Наушники выпали, в ушах звенит тишина. Миха дышит громко и глубоко, словно еще спит. Память строчит фактами из жизни Гиммлера. Школьный учитель. Держал у себя экземпляры «Майн Кампф» в переплете из человеческой кожи. Говорил, что эсэсовцы – лицензионные убийцы, у них есть право убивать евреев. Великие нации маршируют по тысячам трупов. Что-то вроде этого.
Гиммлер покончил с собой. Оператор заснял то, что нашли. Теперь Миха это смотрит. Мертвый Гиммлер лежит на голых досках, кулачками сжимая одеяло под подбородком. На нем очки; проволочные кругляшки над закрытыми глазами. Губы сжаты, рот от яда перекошен, на тонких усиках пятнышки крови. Комната, которую он выбрал, уставлена стульями. Будто в классе. Окно, деревянный пол. Избежал суда. Жалкая смерть в конце коридора.

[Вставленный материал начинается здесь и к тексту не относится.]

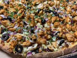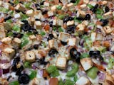 Made with our homemade marinara sauce, Mozzarella cheese, Pepperoni, freshly sliced Mushrooms, freshly chopped Red Onions, crisp Bell Peppers, sliced Black Olives, Italian sausage and freshly grilled and diced chicken breast

Миха вынимает кассету и, раздраженный, отправляется на автобусе домой. Под ногами хрустит рыхлый снег.
– Может статься, опа им восхищался.
Он лежит в постели с Миной и беседует с ней в темноте.
– Возможно, он с ним встречался, может, дотрагивался до него. Может быть, Гиммлер его воодушевлял.
– Ммм…
– А ты смогла бы восхищаться Гиммлером?
– Нет, но я ведь знаю, что он сделал. Мне он противен, потому что он фашист.
– Да, но опа мне не противен.
– Это совсем другое.
– Как так?
– А вот так. Он твой дед. Если бы Гиммлер был тебе дедом, он бы не был противен. И, увидев его мертвым, ты расстроился бы, а не разозлился.
– Тебе мой опа противен?
– Я не знала деда Аскана.
– Но сейчас, когда ты смотришь у бабушки фотографии?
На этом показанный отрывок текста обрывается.